Mild spoilers ahead.

What Dreams From My Father gets right: Whether or not you voted for Obama or enjoyed his presidency, you can learn so much from this book. Obama speaks with the voice of someone who has thought a long, long time about what he’s going to say and how to say it in the best way possible. He’s not afraid to use harsh language or metaphors, but he tempers this anger with understanding. Even as a fiery college student, he recognizes that others haven’t read what he has, or don’t struggle with their identity in the same way he does, and he’s willing to look past the differences and reach across the boundaries.

I’m white, so I will never have the racist experiences and burdens that Obama has faced. Racism shaped and scarred his entire journey of self-discovery. Despite my own ignorance and disconnection to Obama’s struggles as a black man, I appreciated his willingness to open up; and what I can relate to and aspire to in his narrative is Obama’s drive for truth and justice. Like Obama (although for different reasons) I also went through several months of reading every black thinker I could find in the library: W.E.B. DuBois, Martin Luther King, Jr., Marcus Garvey. And like Obama, I found that the man who made the most sense and greatest impact on my way of thinking, even though I definitely didn’t agree with his religion or his views on women, was Malcolm X.
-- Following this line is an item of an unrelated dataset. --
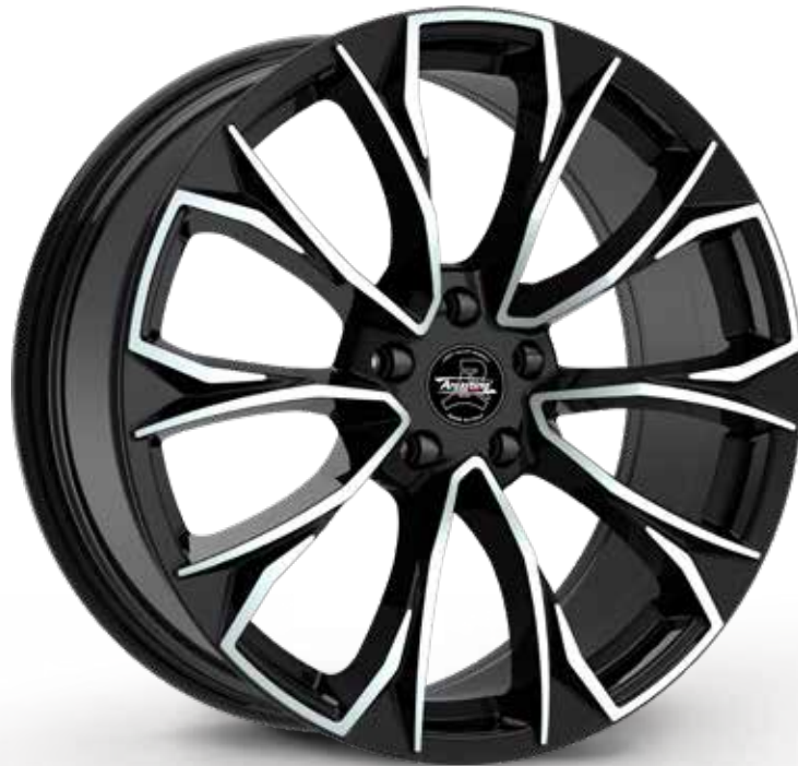
BLACK DIAMOND NERO DIAMANTATO

Obama read these books as a young man for his survival; he did not have the luxury of reading a persecuted peoples’ history from a place removed as I did. I read these books to try and see the world through an opposite perspective of my own: a black male experience. Whatever your reason for reading these timeless classics, though, you will emerge with an enlightened view of how the world works and what we can do about it- the same tried and true lessons that you can learn from Dreams From My Father.

What Dreams From My Father does wrong: I loved this book because of how it fed me intellectually, so it’s hard for me to find much fault with it. I will note that there’s some uncomfortable language in it, but I think it’s warranted by the subject matter. It was also hard to read how women were treated in Obama’s Kenyan family (who were in a patriarchal culture where men could beat their wives and take multiple wives, whether the women consented or not).

Who should read Dreams From My Father: People who want to learn more about racism in the United States, and what it was like to grow up as a biracial man in the sixties and seventies. Readers who are interested in Obama’s life story and how he became the man he is today.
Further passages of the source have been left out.